- Instructions for the task -
Could you copy every line of the data that contains "created"?

- Supplied data -
*** Begin section ***
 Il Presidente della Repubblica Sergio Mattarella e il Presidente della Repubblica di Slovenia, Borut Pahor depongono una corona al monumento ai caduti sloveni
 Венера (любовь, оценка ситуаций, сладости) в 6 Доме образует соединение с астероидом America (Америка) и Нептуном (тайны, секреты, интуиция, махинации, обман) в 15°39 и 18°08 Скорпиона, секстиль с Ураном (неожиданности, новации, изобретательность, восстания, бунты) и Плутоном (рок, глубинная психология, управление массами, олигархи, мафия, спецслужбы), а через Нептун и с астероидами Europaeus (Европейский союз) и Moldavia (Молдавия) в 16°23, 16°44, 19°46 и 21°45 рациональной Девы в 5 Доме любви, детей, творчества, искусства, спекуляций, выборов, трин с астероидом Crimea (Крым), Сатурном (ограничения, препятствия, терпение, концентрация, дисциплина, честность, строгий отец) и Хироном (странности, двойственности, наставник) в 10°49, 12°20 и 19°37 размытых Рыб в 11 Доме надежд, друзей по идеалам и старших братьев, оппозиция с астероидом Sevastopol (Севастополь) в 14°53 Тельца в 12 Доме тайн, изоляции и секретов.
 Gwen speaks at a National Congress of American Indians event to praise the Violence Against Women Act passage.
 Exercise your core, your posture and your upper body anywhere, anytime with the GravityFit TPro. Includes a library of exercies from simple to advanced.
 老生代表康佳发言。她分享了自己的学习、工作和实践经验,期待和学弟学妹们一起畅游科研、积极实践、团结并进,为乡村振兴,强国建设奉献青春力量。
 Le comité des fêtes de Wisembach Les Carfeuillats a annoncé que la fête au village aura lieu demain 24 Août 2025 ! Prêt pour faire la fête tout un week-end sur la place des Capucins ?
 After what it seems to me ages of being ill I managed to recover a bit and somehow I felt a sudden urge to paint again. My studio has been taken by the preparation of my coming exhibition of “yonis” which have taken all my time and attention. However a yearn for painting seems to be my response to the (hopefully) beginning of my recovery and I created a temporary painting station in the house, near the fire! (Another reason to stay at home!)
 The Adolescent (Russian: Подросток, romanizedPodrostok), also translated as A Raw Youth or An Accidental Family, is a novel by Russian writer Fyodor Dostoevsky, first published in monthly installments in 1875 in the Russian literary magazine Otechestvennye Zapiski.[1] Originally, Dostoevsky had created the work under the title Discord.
*** End section ***
- Task response -
 After what it seems to me ages of being ill I managed to recover a bit and somehow I felt a sudden urge to paint again. My studio has been taken by the preparation of my coming exhibition of “yonis” which have taken all my time and attention. However a yearn for painting seems to be my response to the (hopefully) beginning of my recovery and I created a temporary painting station in the house, near the fire! (Another reason to stay at home!)
 The Adolescent (Russian: Подросток, romanizedPodrostok), also translated as A Raw Youth or An Accidental Family, is a novel by Russian writer Fyodor Dostoevsky, first published in monthly installments in 1875 in the Russian literary magazine Otechestvennye Zapiski.[1] Originally, Dostoevsky had created the work under the title Discord.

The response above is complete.